Exercise prompt: Given the entries below, would you transcribe exactly the lines starting at the one with "2021-12-22至2022-04-14 慢线与快线呈空头排列, 慢线与快线接触少,无缠绕" and ending at the one with "HINWEIS: Diese Seite", both kept, pictures omitted, nothing extra?
*** Source records ***
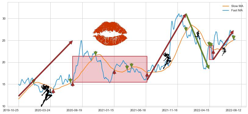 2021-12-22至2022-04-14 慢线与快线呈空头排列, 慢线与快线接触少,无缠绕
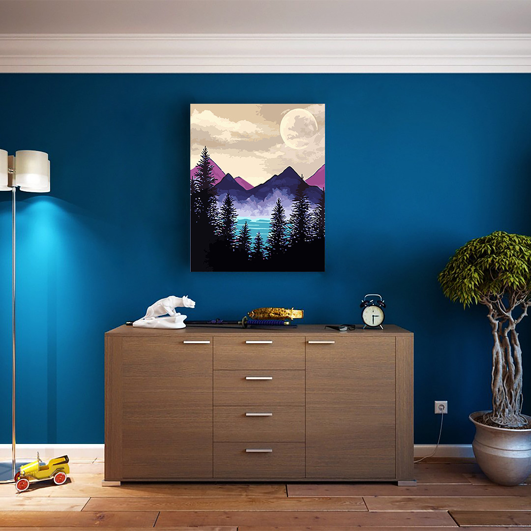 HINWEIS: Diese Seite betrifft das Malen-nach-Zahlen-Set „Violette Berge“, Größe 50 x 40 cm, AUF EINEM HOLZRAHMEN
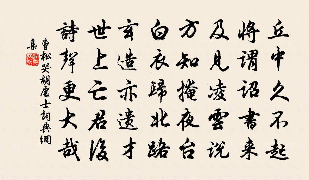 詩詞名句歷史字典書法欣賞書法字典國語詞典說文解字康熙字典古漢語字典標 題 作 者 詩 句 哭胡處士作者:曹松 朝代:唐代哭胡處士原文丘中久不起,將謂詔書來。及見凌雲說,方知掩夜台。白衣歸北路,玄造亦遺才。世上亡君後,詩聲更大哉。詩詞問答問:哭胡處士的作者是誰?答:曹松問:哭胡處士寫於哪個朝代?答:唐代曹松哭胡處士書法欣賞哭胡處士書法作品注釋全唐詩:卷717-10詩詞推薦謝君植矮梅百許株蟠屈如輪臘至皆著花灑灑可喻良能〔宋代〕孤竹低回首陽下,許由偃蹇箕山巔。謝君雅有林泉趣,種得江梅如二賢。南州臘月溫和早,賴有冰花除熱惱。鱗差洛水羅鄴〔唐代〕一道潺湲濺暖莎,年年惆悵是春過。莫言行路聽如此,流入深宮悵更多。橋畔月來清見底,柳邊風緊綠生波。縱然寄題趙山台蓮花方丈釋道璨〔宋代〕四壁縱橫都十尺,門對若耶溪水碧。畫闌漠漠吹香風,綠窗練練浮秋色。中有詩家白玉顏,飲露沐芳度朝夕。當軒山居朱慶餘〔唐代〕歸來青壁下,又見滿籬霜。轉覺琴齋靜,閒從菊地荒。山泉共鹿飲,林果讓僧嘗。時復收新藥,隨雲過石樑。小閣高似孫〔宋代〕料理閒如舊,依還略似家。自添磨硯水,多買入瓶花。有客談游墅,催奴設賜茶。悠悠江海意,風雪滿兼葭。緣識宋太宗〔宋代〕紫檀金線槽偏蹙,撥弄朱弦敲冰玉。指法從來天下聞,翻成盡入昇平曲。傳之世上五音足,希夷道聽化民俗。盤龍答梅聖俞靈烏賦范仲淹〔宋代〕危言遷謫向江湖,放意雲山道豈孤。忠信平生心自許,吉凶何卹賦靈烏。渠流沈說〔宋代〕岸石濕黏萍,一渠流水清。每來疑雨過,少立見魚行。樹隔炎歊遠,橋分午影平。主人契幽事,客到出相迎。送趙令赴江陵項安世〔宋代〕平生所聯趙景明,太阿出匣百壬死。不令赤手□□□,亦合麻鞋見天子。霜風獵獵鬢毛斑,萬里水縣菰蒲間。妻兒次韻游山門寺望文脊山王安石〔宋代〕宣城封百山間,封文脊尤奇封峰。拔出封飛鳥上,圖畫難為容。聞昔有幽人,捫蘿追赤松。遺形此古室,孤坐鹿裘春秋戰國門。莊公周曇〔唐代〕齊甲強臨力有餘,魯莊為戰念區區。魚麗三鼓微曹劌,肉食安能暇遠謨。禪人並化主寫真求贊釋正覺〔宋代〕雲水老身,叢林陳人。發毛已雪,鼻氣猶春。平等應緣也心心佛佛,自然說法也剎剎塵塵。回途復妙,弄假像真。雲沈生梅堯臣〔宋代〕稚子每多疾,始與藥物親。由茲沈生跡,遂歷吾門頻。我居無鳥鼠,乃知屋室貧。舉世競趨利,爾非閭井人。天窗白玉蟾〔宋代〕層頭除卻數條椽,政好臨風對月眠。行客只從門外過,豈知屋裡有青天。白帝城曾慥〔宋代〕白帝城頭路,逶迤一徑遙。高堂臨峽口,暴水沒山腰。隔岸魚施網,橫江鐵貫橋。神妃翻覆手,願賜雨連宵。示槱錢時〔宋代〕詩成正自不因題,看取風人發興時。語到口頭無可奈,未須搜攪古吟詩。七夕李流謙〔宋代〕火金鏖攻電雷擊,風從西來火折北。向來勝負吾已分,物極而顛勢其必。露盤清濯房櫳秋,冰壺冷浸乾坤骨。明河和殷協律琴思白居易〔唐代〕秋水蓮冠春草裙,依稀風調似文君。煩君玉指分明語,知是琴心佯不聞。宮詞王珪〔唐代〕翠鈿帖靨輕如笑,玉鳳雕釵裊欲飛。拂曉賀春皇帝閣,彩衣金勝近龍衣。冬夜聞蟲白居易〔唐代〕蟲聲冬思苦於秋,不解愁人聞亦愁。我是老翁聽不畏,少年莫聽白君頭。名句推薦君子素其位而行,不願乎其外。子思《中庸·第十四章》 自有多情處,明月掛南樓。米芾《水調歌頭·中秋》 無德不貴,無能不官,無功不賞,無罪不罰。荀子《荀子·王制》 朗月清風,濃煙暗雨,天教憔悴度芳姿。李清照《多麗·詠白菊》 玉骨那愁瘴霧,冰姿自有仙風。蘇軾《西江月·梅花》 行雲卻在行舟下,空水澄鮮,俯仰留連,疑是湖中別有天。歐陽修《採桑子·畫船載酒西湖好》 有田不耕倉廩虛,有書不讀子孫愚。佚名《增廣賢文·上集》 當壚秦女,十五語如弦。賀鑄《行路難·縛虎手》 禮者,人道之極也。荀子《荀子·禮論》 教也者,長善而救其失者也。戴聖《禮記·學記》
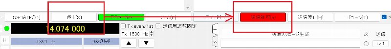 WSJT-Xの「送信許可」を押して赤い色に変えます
***
*** Source records ***
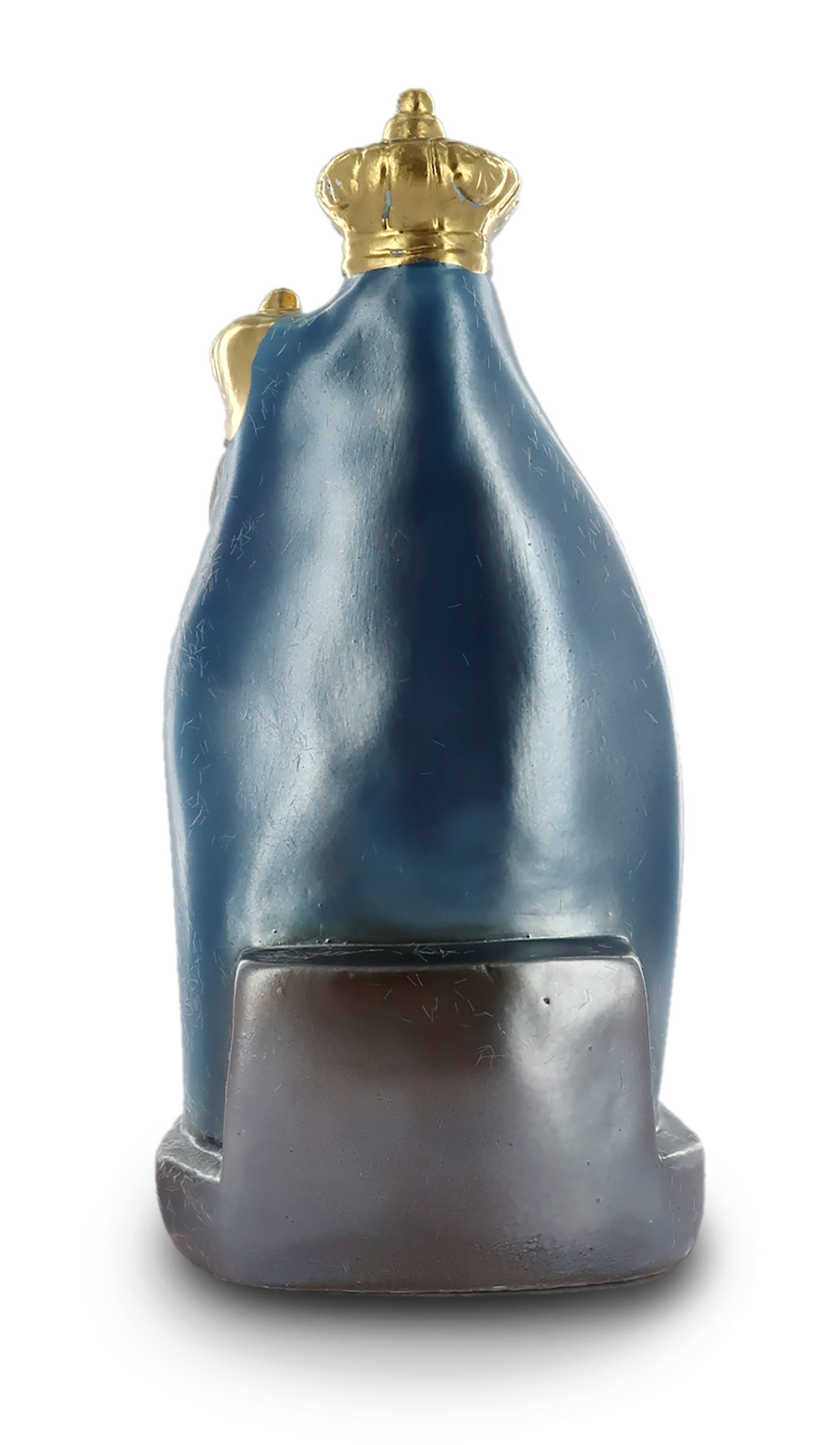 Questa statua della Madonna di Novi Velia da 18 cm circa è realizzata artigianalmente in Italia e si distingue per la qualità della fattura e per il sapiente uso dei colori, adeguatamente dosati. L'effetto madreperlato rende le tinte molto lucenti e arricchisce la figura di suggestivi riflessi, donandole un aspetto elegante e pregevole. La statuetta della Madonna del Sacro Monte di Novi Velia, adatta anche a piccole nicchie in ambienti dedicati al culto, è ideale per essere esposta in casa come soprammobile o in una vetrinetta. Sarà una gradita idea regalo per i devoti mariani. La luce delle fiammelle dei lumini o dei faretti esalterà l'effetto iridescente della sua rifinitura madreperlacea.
***
*** Source records ***
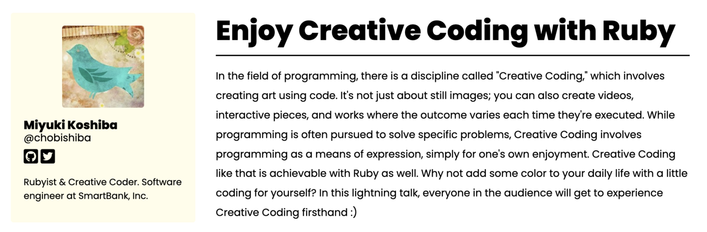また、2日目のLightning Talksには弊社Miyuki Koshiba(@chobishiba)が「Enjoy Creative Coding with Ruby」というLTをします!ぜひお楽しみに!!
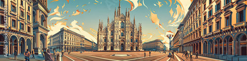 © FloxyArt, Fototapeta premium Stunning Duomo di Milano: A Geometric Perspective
***
Written response:
 2021-12-22至2022-04-14 慢线与快线呈空头排列, 慢线与快线接触少,无缠绕
 HINWEIS: Diese Seite betrifft das Malen-nach-Zahlen-Set „Violette Berge“, Größe 50 x 40 cm, AUF EINEM HOLZRAHMEN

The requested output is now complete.